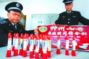 昨天,(北京市)西長安街城管一分隊(duì)隊(duì)員在巡查中,查獲一無照攤販非法兜售的“神州七號(hào)超級(jí)瞬間粘合劑”。經(jīng)檢查,這只是一般的膠水。記者 方非攝
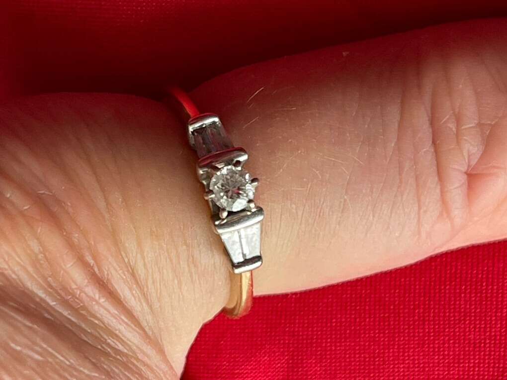 This vintage engagement ring is a true beauty, fit for a princess. Crafted from 14k two-tone white and yellow gold, it boasts a stunning 1/2 (approx) carat round cut diamond baguette set in a gold band. The diamond is ungraded but has a white/colorless hue that adds to the ring's overall elegance and weighs 2.4 grams.
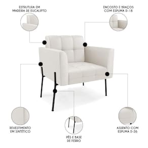 Você está procurando uma poltrona que combine com a sua Sala De Estar, recepção ou seu quarto, que ofereça conforto e qualidade? Então você vai adorar a Poltrona Para Sala Pés Metálicos Preto Ana Sintético Bege, da Ibiza!
++++++++++++++++++++
Give back exactly the lines from the first line of the data through the line with "This vintage engagement", pictures excluded.

 昨天,(北京市)西長安街城管一分隊(duì)隊(duì)員在巡查中,查獲一無照攤販非法兜售的“神州七號(hào)超級(jí)瞬間粘合劑”。經(jīng)檢查,這只是一般的膠水。記者 方非攝
 This vintage engagement ring is a true beauty, fit for a princess. Crafted from 14k two-tone white and yellow gold, it boasts a stunning 1/2 (approx) carat round cut diamond baguette set in a gold band. The diamond is ungraded but has a white/colorless hue that adds to the ring's overall elegance and weighs 2.4 grams.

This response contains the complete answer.